Always the One Who Plans the Trip? How to Finally Share the Work
Be honest: when your group takes a trip, you plan it. You book the place, you make the spreadsheet, you chase everyone for money, you build the itinerary. Everyone else shows up and has a great time. You show up exhausted, having done a second job for three weeks.
It's not that your friends don't care. It's that the way most groups plan funnels everything through one person — and once that's you, it stays you. Here's how to actually share the load.
Stop being the human inbox
The default organizer becomes a bottleneck: everyone sends you their ideas, links, and preferences, and you manually paste them into the plan. That's the trap. As long as you're the only one who can update the plan, you'll be the only one who does.
Hand out roles, not requests
Give people ownership of a piece instead of asking them to send things to you. One person owns food, one owns the flight list, one owns the day-trip.

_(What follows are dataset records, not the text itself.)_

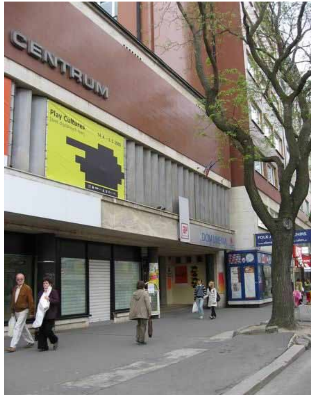
A4 - ZERO SPACE (BRATISLAVA, SLOVAKIA)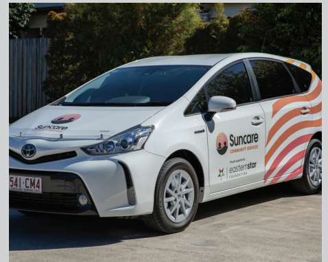
Suncare's program supports 40 people on the Sunshine Coast and Brisbane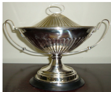
Faculty Award for Outstanding Contribu- tion to International Education

Zeta Gamma Chapter, Northern Illinois University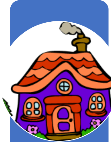
Stay in Tellico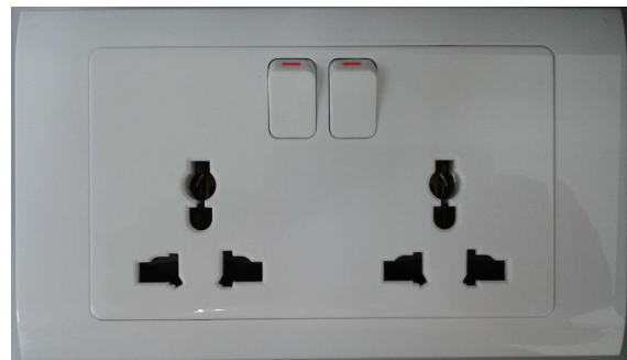
Front View of V818SD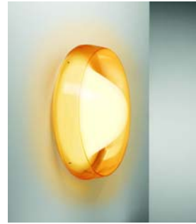
AMBER WITH MILKY WHITE CENTER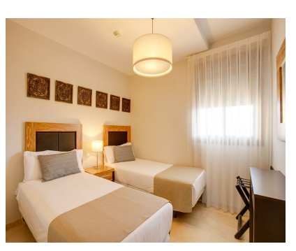
Ref.-ID: R4592863 Estepona Apartment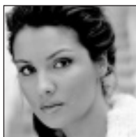
Anna Netrebko SOPRANO (KRASNODAR, RUSSIA)

CAREER HIGHLIGHTS In recent seasons has led Un Ballo in Maschera with the San Francisco Opera; Turandot at Covent Garden; La Rondine at the Paris Opera; Un Ballo in Maschera , La Bohème , and Il Trovatore at the Bavarian State Opera; Don Giovanni in Hamburg; Aida in Berlin; and Manon Lescaut , Il Barbiere di Siviglia , Carmen , and La Traviata at the Vienna State Opera.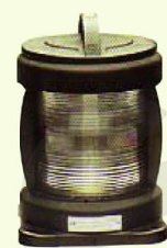
CXH4-11P Full Plastic Sternlight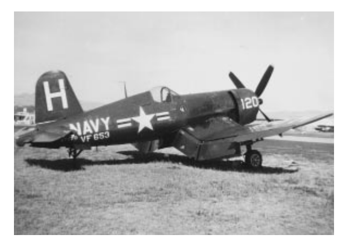
A squadron F4U-4 Corsair, July 1951.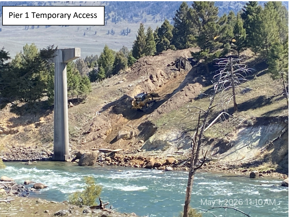
Pier 1 Temporary Access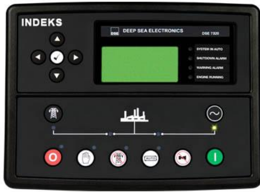
Photo may be demonstration or a different size generator

Suddenly it's their job, not another item on yours.
Use a plan everyone can edit
This is what breaks the cycle. With bothways, the trip is one shared plan that everyone can open and edit — so your friends add their own spots, flights, and ideas directly, instead of routing them through you. You stop being the human inbox, because there's no inbox anymore. The plan just fills itself in.
Bow out gracefully next time
Set the trip up, share the link, assign the roles — and then genuinely step back. The plan being visible to everyone means it no longer depends on you to move forward. That's the whole point.
You don't have to be the trip martyr forever. Give the group a plan they can all edit and a few clear roles, and planning becomes something the group does — not something that happens to you.